**Information shown**.
○ ○ ○ ○ ○ ○ ○

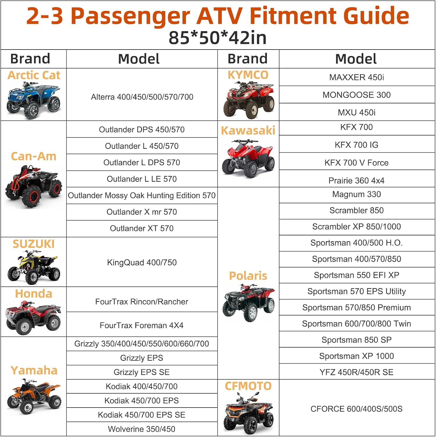 - ăUniversal four wheeler Modelsă:The cover size - 85" L x 50"W x 42" H fit for most ATV, suit for Arctic Cat, Can-am, Cfmoto, Honda, Kymco, Polaris, Suzuki, Yamaha ATV and more(To ensure the right size, please measure your ATV before purchasing)
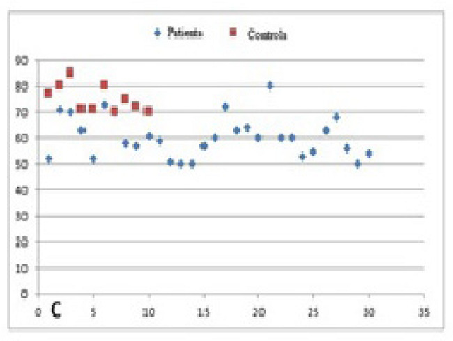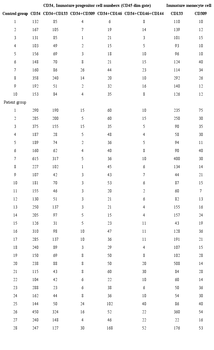 The number of EPC in a million (1×106) cell counts were counted by flow cytometry both in control and patient groups (Supplement). The numerical values of CD34+/CD309+, CD34+/CD146+, CD34+/CD146+/CD144+, CD309+, and CD34+ cells measured by gating in the control group are shown in Table 2.
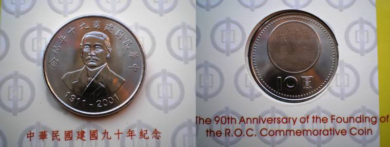 Taivanas 10 Dollar(10Yuan) 2001 90th Nuo.1Lt
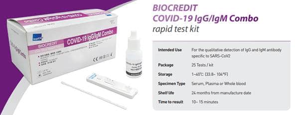 BIOCREDIT COVID-19 IgG/IgM Combo rapid test kit – Pack 25
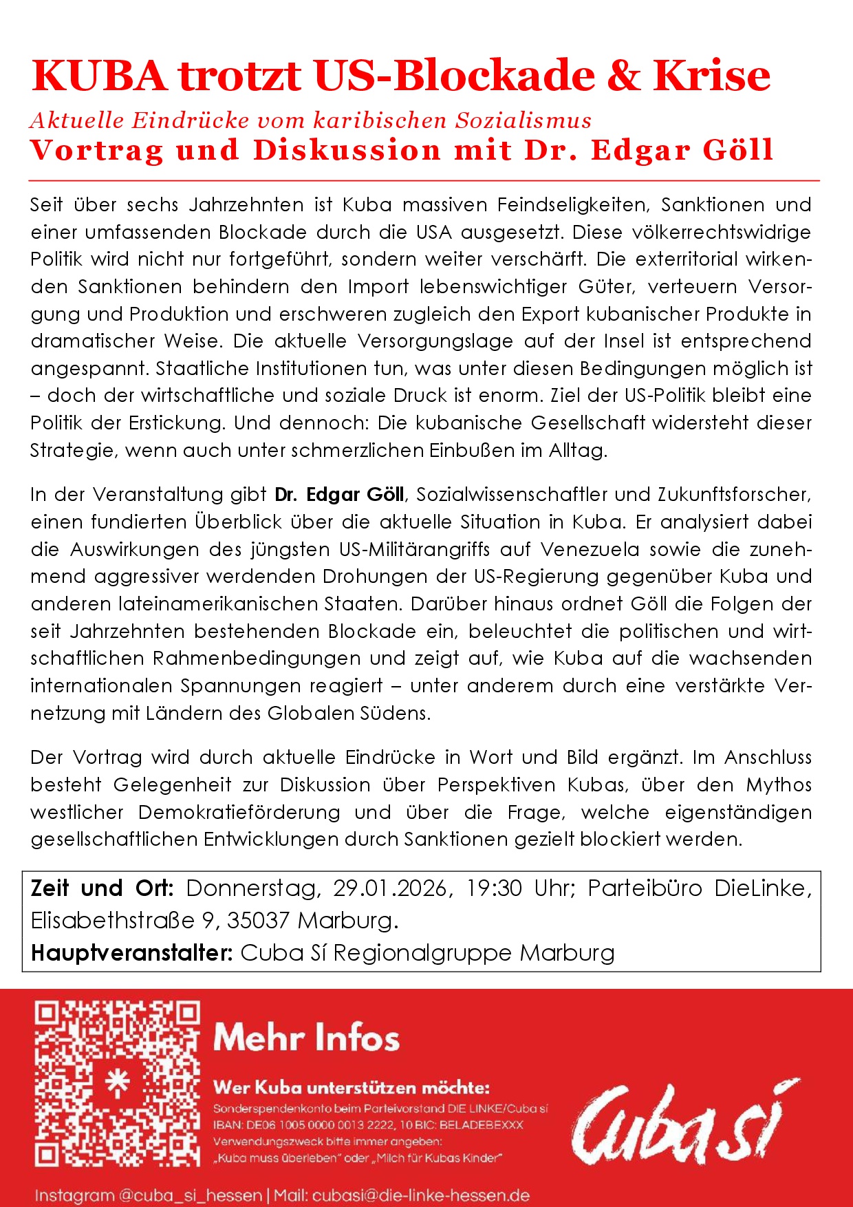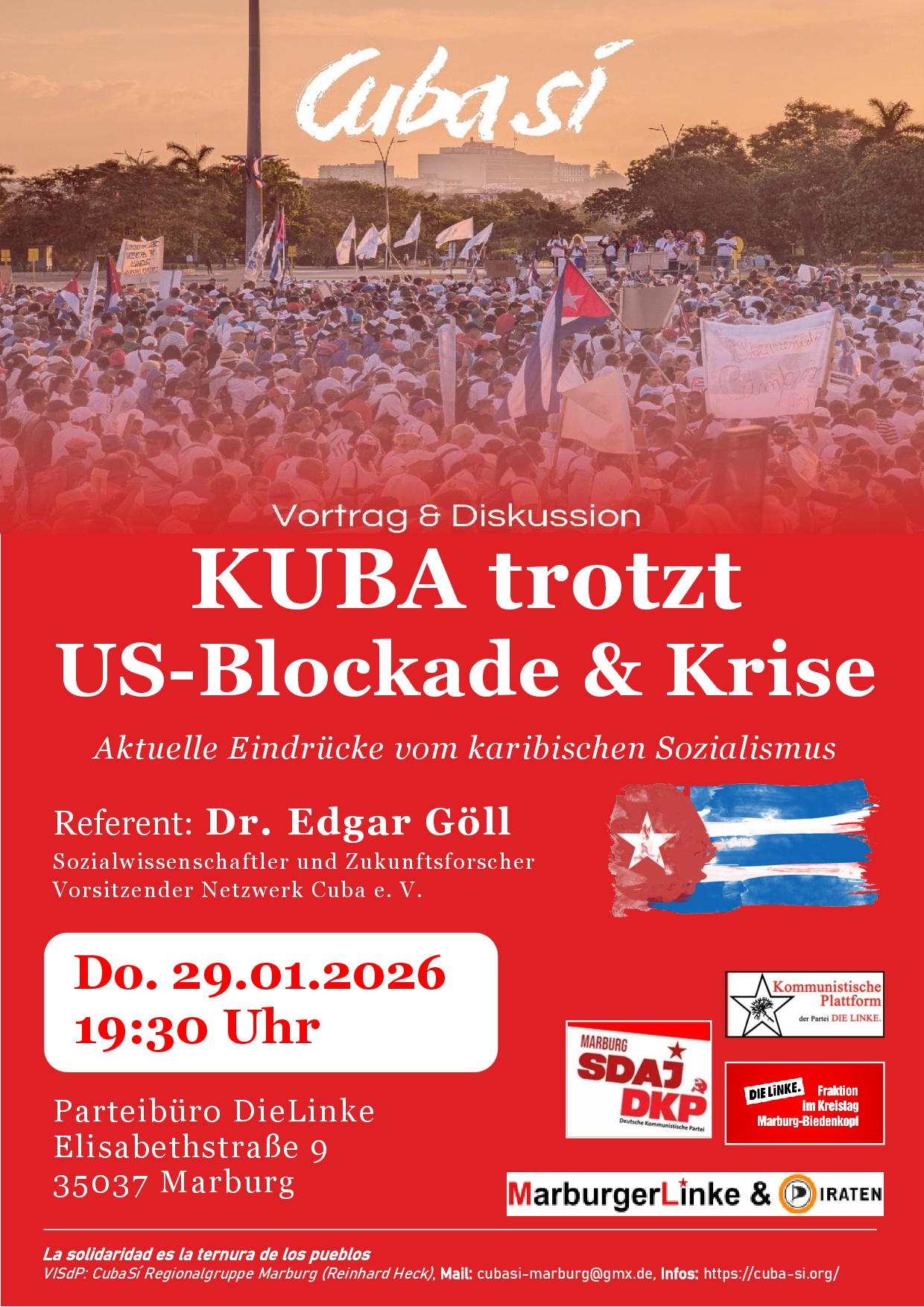 Die DKP Marburg-Biedenkopf, die Landesarbeitsgemeinschaft Cuba Sí in der LINKEN sowie die Kommunistische Plattform Hessen, die Fraktion MarburgerLinke Piraten und Die Fraktion DieLINKE im Kreistag Marburg-Biedenkopf laden herzlich zur Vortrags- und Diskussionsveranstaltung »KUBA trotzt US-Blockade & Krise – Aktuelle Eindrücke vom karibischen Sozialismus« am 29.01.2026 um 19:30 Uhr in das Parteibüro DieLINKE in Marburg ein.

○ ○ ○ ○ ○ ○ ○

**Task goal**.
A verbatim transcript of the material above, with images dropped, is the expected output.

**Solution to the problem**.
 - ăUniversal four wheeler Modelsă:The cover size - 85" L x 50"W x 42" H fit for most ATV, suit for Arctic Cat, Can-am, Cfmoto, Honda, Kymco, Polaris, Suzuki, Yamaha ATV and more(To ensure the right size, please measure your ATV before purchasing)
 The number of EPC in a million (1×106) cell counts were counted by flow cytometry both in control and patient groups (Supplement). The numerical values of CD34+/CD309+, CD34+/CD146+, CD34+/CD146+/CD144+, CD309+, and CD34+ cells measured by gating in the control group are shown in Table 2.
 Taivanas 10 Dollar(10Yuan) 2001 90th Nuo.1Lt
 BIOCREDIT COVID-19 IgG/IgM Combo rapid test kit – Pack 25
 Die DKP Marburg-Biedenkopf, die Landesarbeitsgemeinschaft Cuba Sí in der LINKEN sowie die Kommunistische Plattform Hessen, die Fraktion MarburgerLinke Piraten und Die Fraktion DieLINKE im Kreistag Marburg-Biedenkopf laden herzlich zur Vortrags- und Diskussionsveranstaltung »KUBA trotzt US-Blockade & Krise – Aktuelle Eindrücke vom karibischen Sozialismus« am 29.01.2026 um 19:30 Uhr in das Parteibüro DieLINKE in Marburg ein.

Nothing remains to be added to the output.